角をシャープにする“おばあちゃんのコツ”: 角を返す前に、角の縫い代を内側で指で整えてから返すと、角が出やすくなります。
ツールで仕上げ: Florianiの角出しツールのような先端ツールを使います。
- 作業: 内側からやさしく押して角を出す
- 注意: 強く突きすぎると生地を傷めます。尖らせるのではなく“角を整える”意識で。


中材を入れる
16" x 38"の中材を、中央の広い開口部から入れます。3枚仕立てなので、無理に二つ折りにして押し込む必要が減ります。最後に四隅へ中材をなじませ、角を整えます。
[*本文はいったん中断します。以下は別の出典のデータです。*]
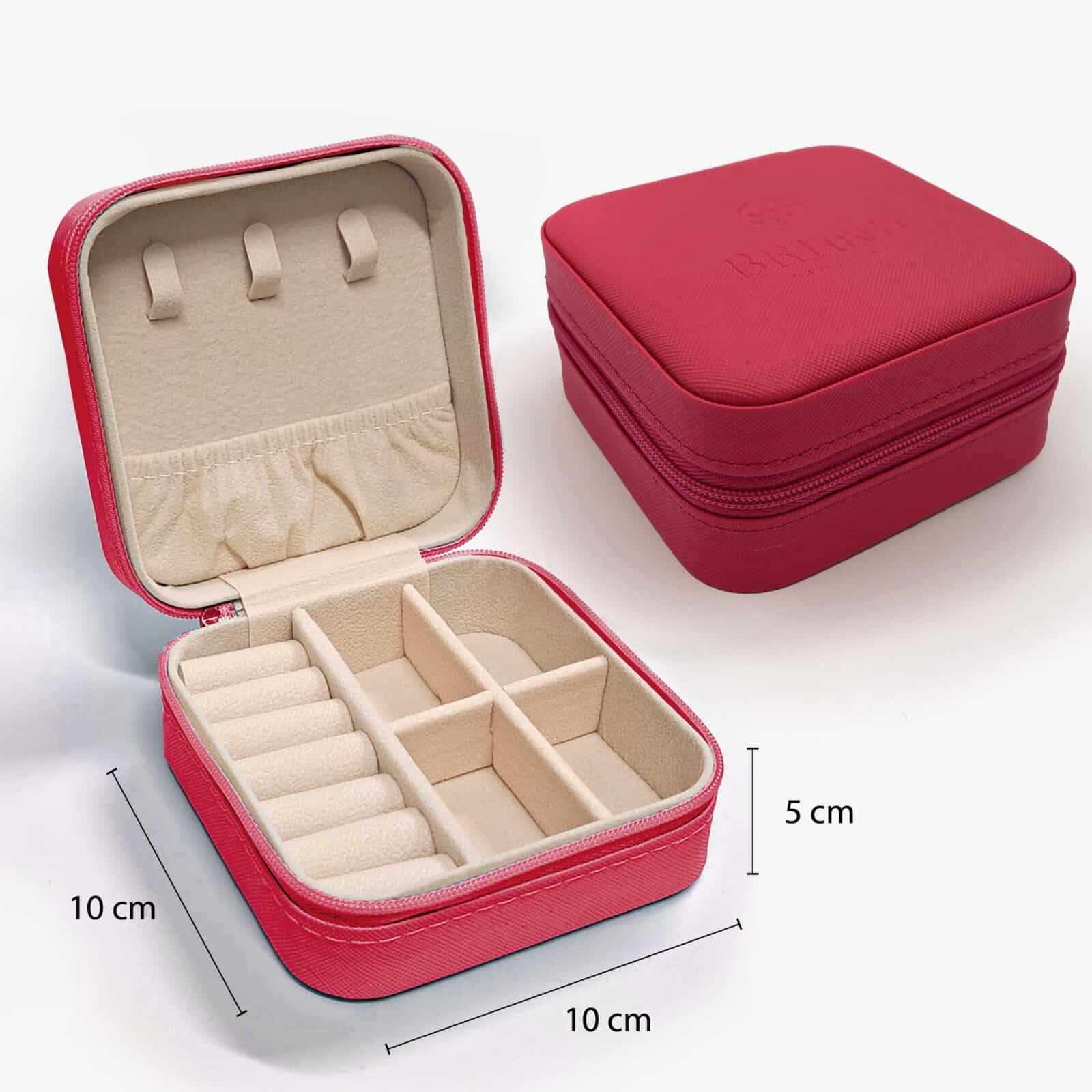 Découvrez la pratique boîte de voyage carrée de la marque Gioielli ! Disponible en six couleurs tendance, sa taille compacte (10x10x5) la rend idéale pour votre prochain voyage.
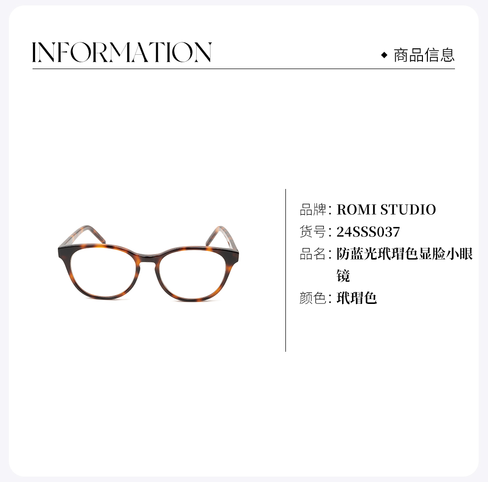 ROMI STUDIO"复古态度"时髦O压防蓝光玳瑁色显脸小眼镜24SSS037
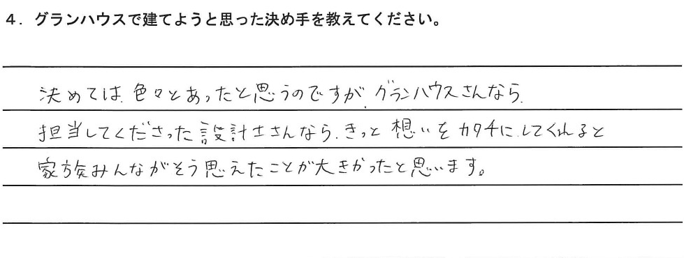4.グランハウスで建てようと思った決め手を教えてください。
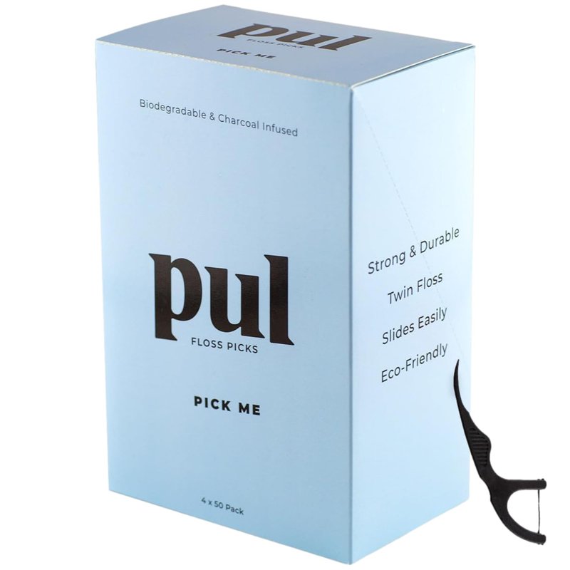PUL Biodegradable Mint Dental Floss Picks Made from Plants - BPA Free Teeth Flossers for Minty Fresh Oral Care - Shred & Fluoride Free Dental Picks - 200 Count
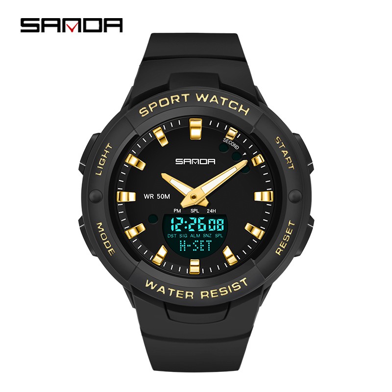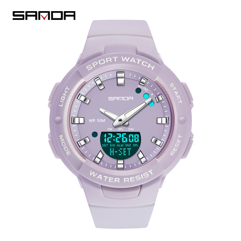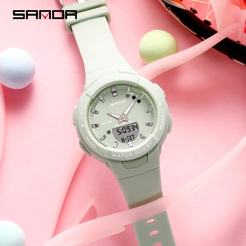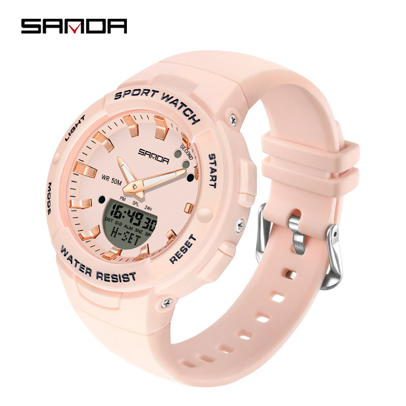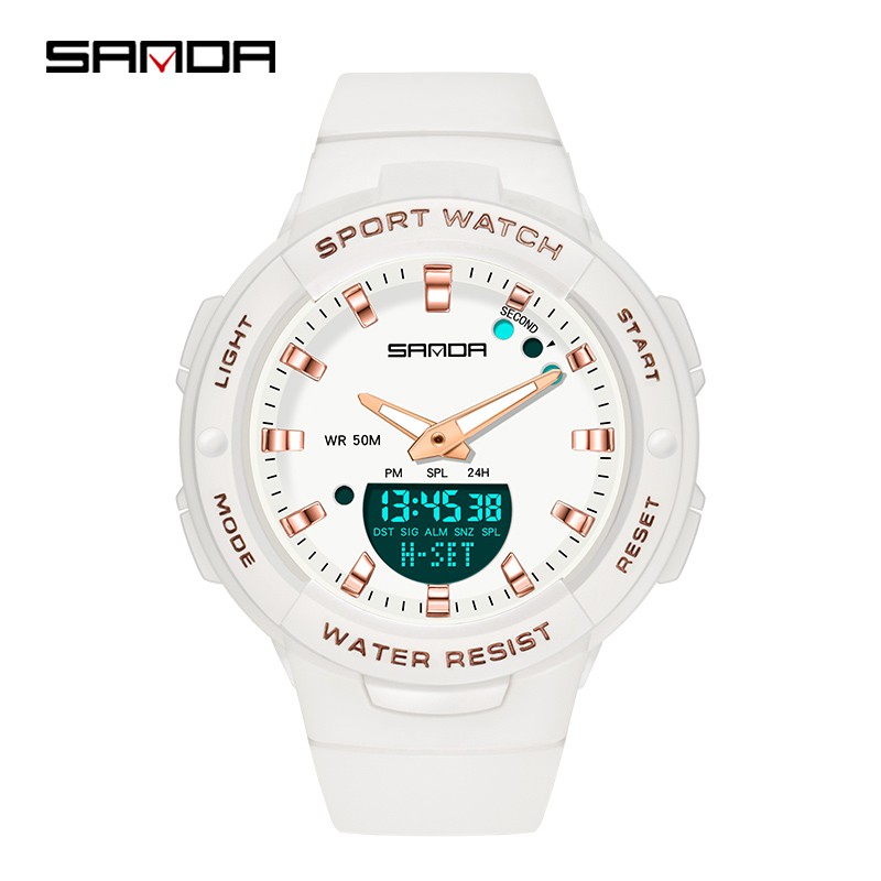 Sanda Relógio feminino à prova d'água para mulheres luxuosas e multifuncionais com cronógrafo luminoso ao ar livre

判断フロー:裏の作り方(次回の工具アップグレードも含めて)
次の作品で迷ったときの考え方です。
- 中材の出し入れが大変?
- YES: このチュートリアルの3枚仕立て封筒式が有効(材料は増えるが作業性が上がる)
- NO: 小さめクッションなら2枚重ねでも十分
- 表側の枠張りで枠跡や歪みが出た?
- YES: 技量より“保持方法”の影響が大きい場合があります。マグネット刺繍枠 のようなクランプ式を検討
- NO: 継続でOK
- 複数回の枠張りで位置合わせがズレる?
- YES: 再現性を上げるなら、刺繍用 枠固定台 や hoopmaster 枠固定台 で標準化
- NO: 目視でも安定している状態
- Brother Luminaire を使っている?
- YES: 機種に合う選択肢として、brother luminaire 用 マグネット刺繍枠 や brother luminaire 用 マグネット刺繍枠 を検討
- CONTEXT: Brother系なら汎用として マグネット刺繍枠、または brother 用 マグネット刺繍枠 も選択肢
- NO: まずは安定した下準備(スタビライザー選定など)で保持を安定させる
- 量産(50個/月以上)を想定?
- YES: ミシン刺繍用 刺繍枠 の運用を見直す価値があります。マグネット枠は枠張り時間短縮につながります
- NO: 手作業でも十分回せます
トラブルシューティング(症状 → 原因 → 対処)
| 症状 | 主な原因 | すぐできる対処 | 予防 |
|---|---|---|---|
| 背面の開口が開いて見える | 重なりが足りない(中央パネルが短い) | 面ファスナー等で補助的に留める | 16"幅クラスなら中央パネルは28"以上を確保 |
| 中材を入れるときに裂けそう/裂けた | 重なり部の補強不足 | すぐに手縫いで補強(かんぬき状に止める) | 外周縫いで補強(前進→返し→前進)を入れる |
| 角が丸い | 縫い代が角にたまっている | 角出しツールで内側から整える | 返す前に縫い代を整える(角出しの下準備) |
| ヘムが波打つ | アイロン不足のまま縫った | スチームで押さえて落ち着かせる | 二つ折りの都度、しっかり押さえる |
| 外周で針が折れる | ピンを踏んだ/厚みを高速で通過 | 針を交換し、ボビン周りに破片がないか確認 | ピンは手前で抜く。重なりは減速して通過 |
仕上がり
これで「Gather Together」ベンチピローは、3枚仕立て封筒式バックで実用性の高い仕上がりになります。
最終チェック:
- ピローが平らに座っているか
- ヘムが内側に隠れているか
- 中材を無理なく出し入れでき、洗濯時の取り外しが現実的か
この組み立て方法を身につけると、ベンチピローの“使いにくさ”が解消されます。さらに、表側の工程で必要に応じて brother 用 マグネット刺繍枠 などの保持具を検討していくことで、趣味制作から一歩進んだ安定品質に近づけます。